* Recorded information:

*****

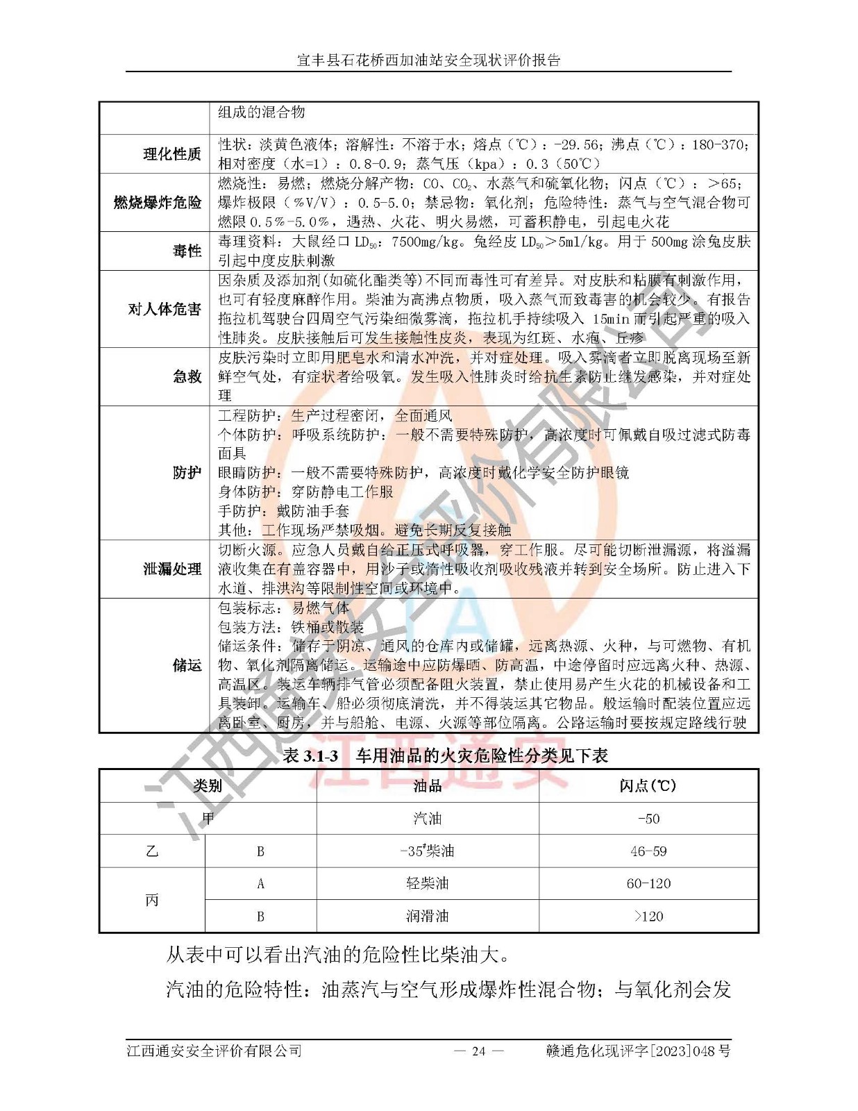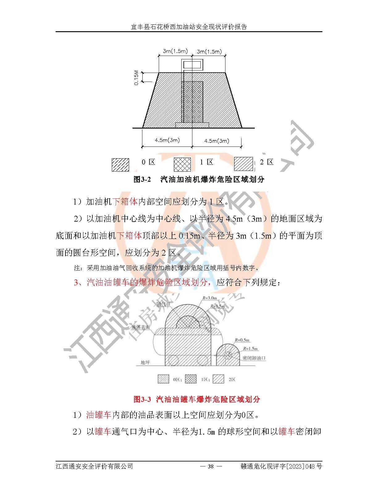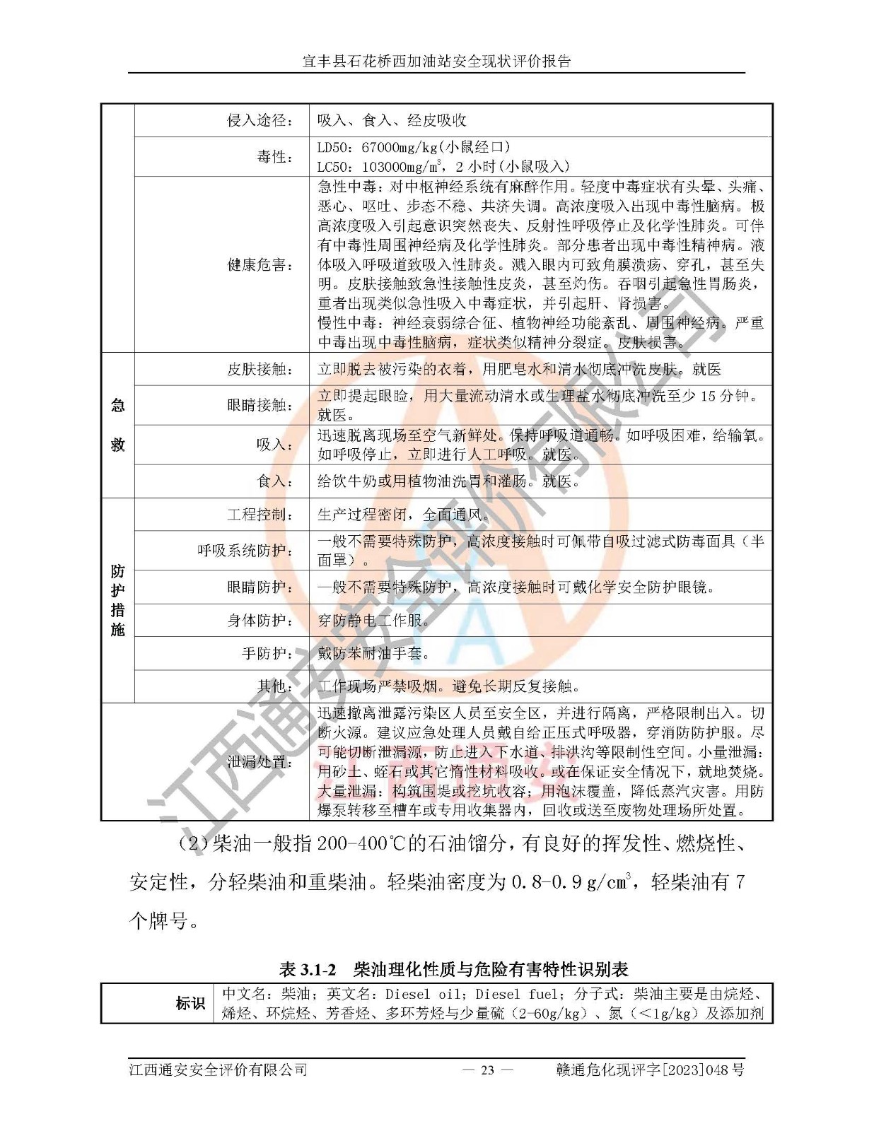 项目简介 | 本报告为宜丰县石花桥西加油站安全现状评价报告。宜丰县石花桥西加油站成立于2017年10月31日,位于江西省宜春市宜丰县桥西乡龚家坪,法定**人为李友根,现有员工6人,其中安全管理人员1人。该站主要经营0#柴油、92#汽油、95#汽油,站内设3台油罐,分别为容积40m3的0#柴油埋地卧式贮罐1台、容积30m3的92#汽油埋地卧式贮罐1台、容积30m3的95#汽油埋地卧式贮罐1台,*大存储量为100m³,实际油品折算总容量为80m3(柴油折半),属于三级加油站,该站危险化学品经营许可证**期限为2020年10月26日至2023年10月25日。 汽油和柴油均是化学品液体。汽油、柴油均为危险化学品,其中汽油火险分级为甲B类,其蒸汽与空气形成爆炸性气体,遇明火、高热易燃烧爆炸;柴油火险分级为丙A类,遇明火、高热或与氧化剂接触,有引起燃烧爆炸的危险。 | ||||
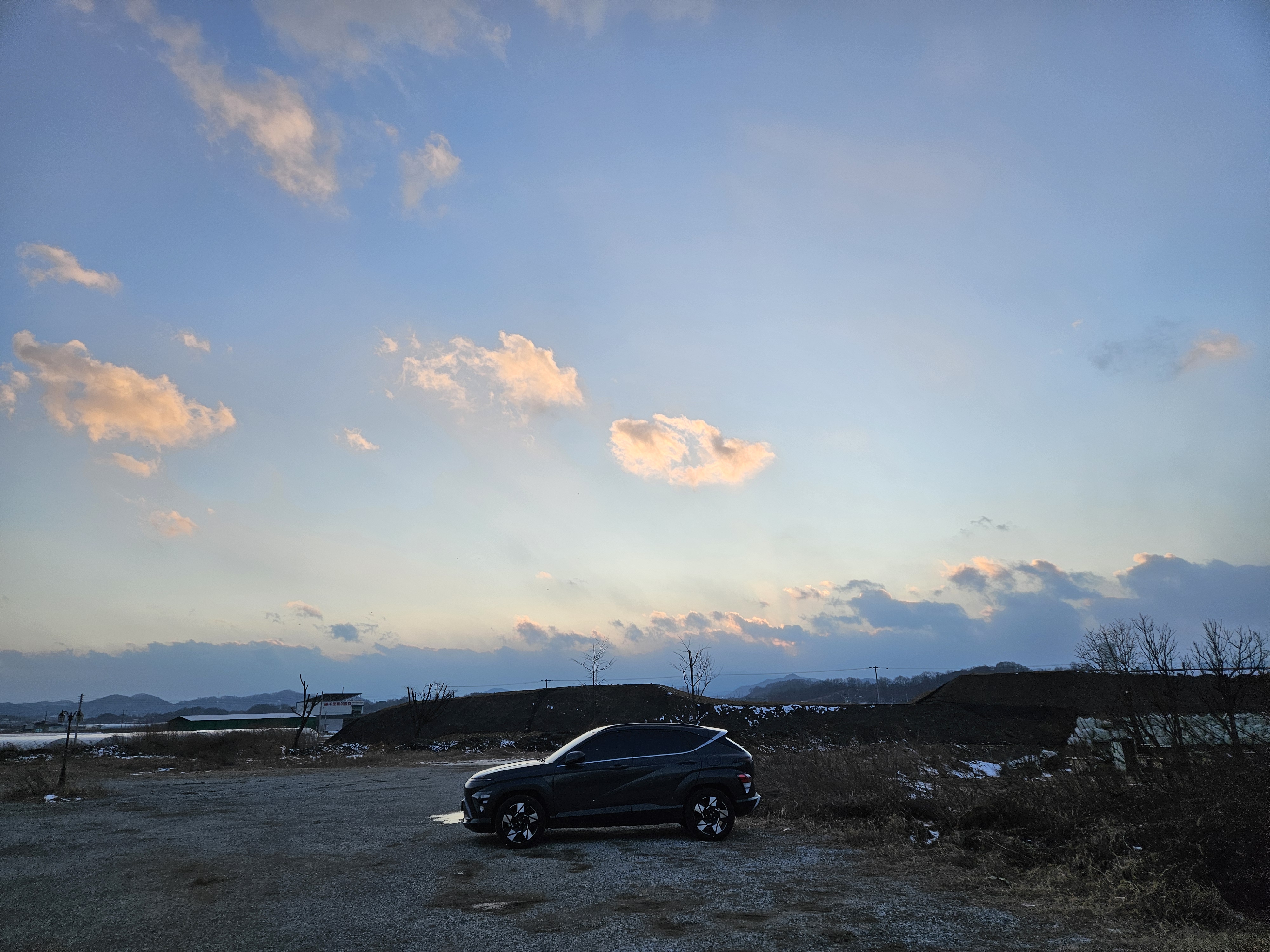 넓은 주차장 너머로 해가 지며 석양이 시작됩니다.
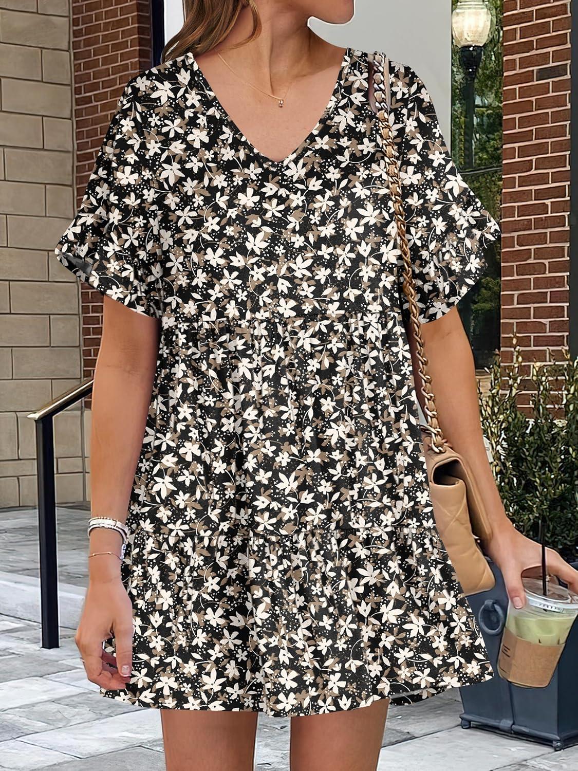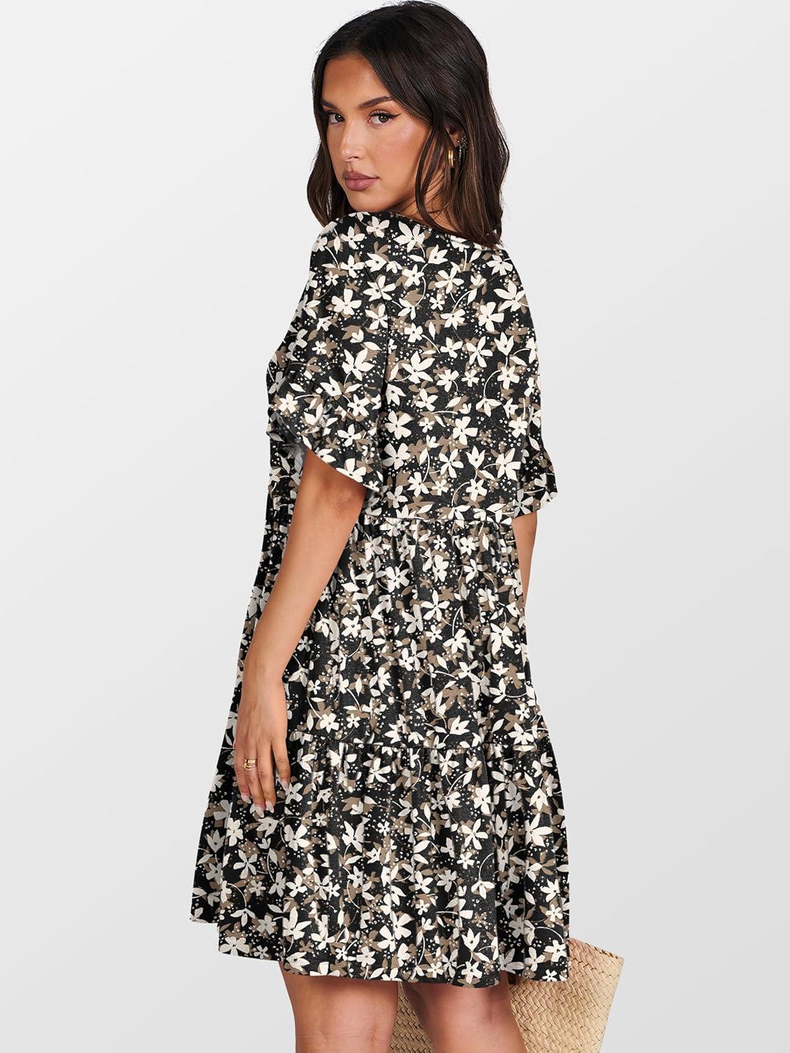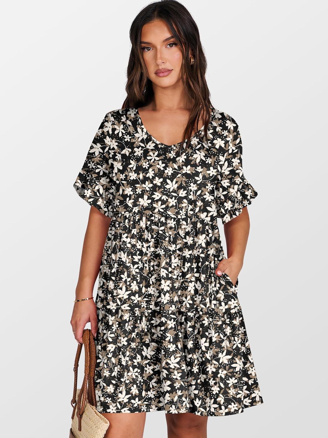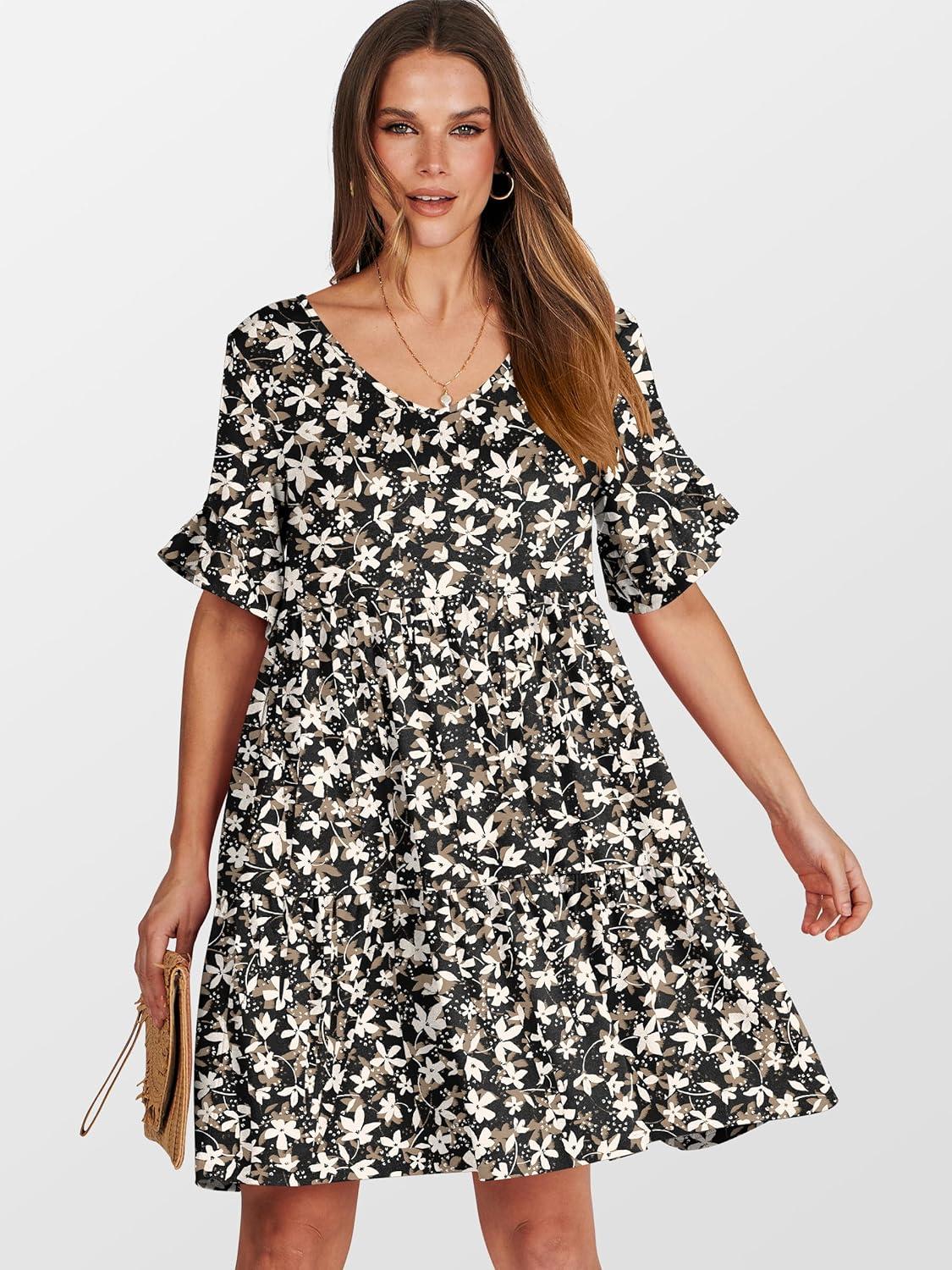 ANRABESS Dresses for Women Summer 2025 V Neck Ruffle Sleeve A Line Tiered Flowy Casual Trendy Mini Beach Dress with Pockets(Black White Floral)
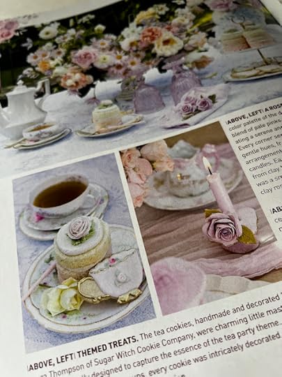 I always enjoy seeing detailed photos of what is served at a tea. I'm especially drawn to these little circular cakes at lower left, and that gilded teacup cookie was definitely an artisan touch.

*****

Omit the pictures and give the material again, exactly and in full.

* Worked solution:
 项目简介 | 本报告为宜丰县石花桥西加油站安全现状评价报告。宜丰县石花桥西加油站成立于2017年10月31日,位于江西省宜春市宜丰县桥西乡龚家坪,法定**人为李友根,现有员工6人,其中安全管理人员1人。该站主要经营0#柴油、92#汽油、95#汽油,站内设3台油罐,分别为容积40m3的0#柴油埋地卧式贮罐1台、容积30m3的92#汽油埋地卧式贮罐1台、容积30m3的95#汽油埋地卧式贮罐1台,*大存储量为100m³,实际油品折算总容量为80m3(柴油折半),属于三级加油站,该站危险化学品经营许可证**期限为2020年10月26日至2023年10月25日。 汽油和柴油均是化学品液体。汽油、柴油均为危险化学品,其中汽油火险分级为甲B类,其蒸汽与空气形成爆炸性气体,遇明火、高热易燃烧爆炸;柴油火险分级为丙A类,遇明火、高热或与氧化剂接触,有引起燃烧爆炸的危险。 | ||||
 넓은 주차장 너머로 해가 지며 석양이 시작됩니다.
 ANRABESS Dresses for Women Summer 2025 V Neck Ruffle Sleeve A Line Tiered Flowy Casual Trendy Mini Beach Dress with Pockets(Black White Floral)
 I always enjoy seeing detailed photos of what is served at a tea. I'm especially drawn to these little circular cakes at lower left, and that gilded teacup cookie was definitely an artisan touch.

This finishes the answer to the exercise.